Task goal: Everything from the line containing "The beach in" through the final line of the entries must be repeated exactly, and only that, without pictures.

Source material:
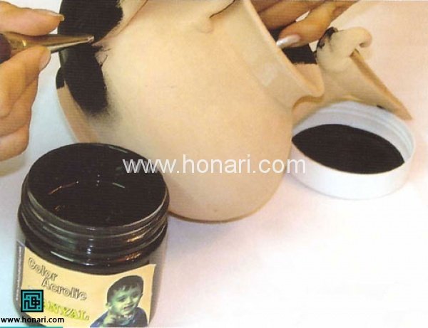 در مرحله اول، یک لایه یکدست و کامل از رنگ مشکی را بر روی سطح سفال میکشیم.
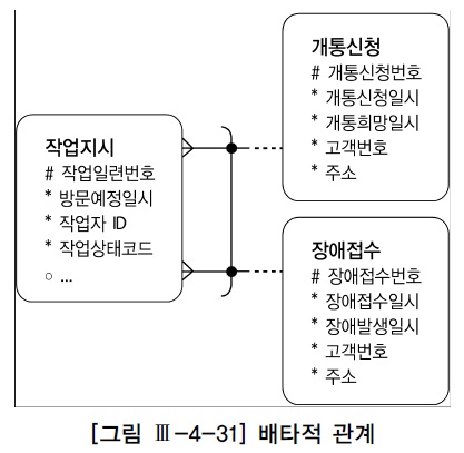 어떤 엔터티가 두 개 이상의 다른 엔터티의 합집합과 관계(Relationship)를 갖는 것을 ‘상호배타적(Exclusive OR) 관계’라고 한다. [그림 Ⅲ-4-31]에서 작업지시 테이블과 개통신청 및 장애접수 테이블과의 관계가 여기에 해당하며, 관계선에 표시된 아크(Arc)를 확인하기 바란다.
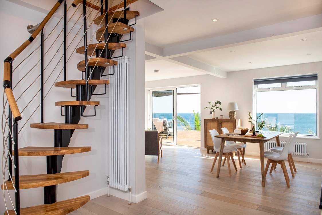 The beach in the village is just down the hill , you have a bird's eye view from the decking.
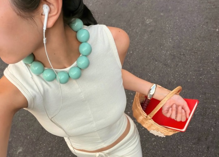 캘리포니아 걸 무드가 물씬 풍기는 배색 스윔웨어를 입은 김나영. 올해 유행인 쉘 네크리스로 바캉스 무드를 더한 후, 젠틀한 실루엣이 돋보이는 라피아 햇과 선글라스로 그녀 특유의 세련되고 고급스러운 분위기를 가미했다. 여기서 놓치지 말아야 할 포인트는 바로 바닥에 깔린 피크닉 매트. 인생 사진을 건지고 싶다면 배경에 사용되는 소품 또한 수영복과 자연스럽게 잘 어울리는 컬러로 선택해야 한다.
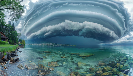 A vast and imposing storm cloud looms ominously over a serene lake, with a cozy house situated in the background
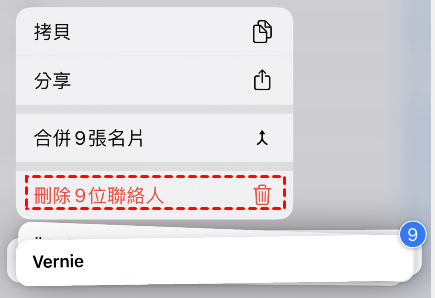5. 要刪除選定的聯絡人,請用一根手指按住任意突出顯示的聯絡人。從出現的下拉菜單中,點一下刪除 [X] 聯絡人選項。

Task result:
 The beach in the village is just down the hill , you have a bird's eye view from the decking.
 캘리포니아 걸 무드가 물씬 풍기는 배색 스윔웨어를 입은 김나영. 올해 유행인 쉘 네크리스로 바캉스 무드를 더한 후, 젠틀한 실루엣이 돋보이는 라피아 햇과 선글라스로 그녀 특유의 세련되고 고급스러운 분위기를 가미했다. 여기서 놓치지 말아야 할 포인트는 바로 바닥에 깔린 피크닉 매트. 인생 사진을 건지고 싶다면 배경에 사용되는 소품 또한 수영복과 자연스럽게 잘 어울리는 컬러로 선택해야 한다.
 A vast and imposing storm cloud looms ominously over a serene lake, with a cozy house situated in the background
5. 要刪除選定的聯絡人,請用一根手指按住任意突出顯示的聯絡人。從出現的下拉菜單中,點一下刪除 [X] 聯絡人選項。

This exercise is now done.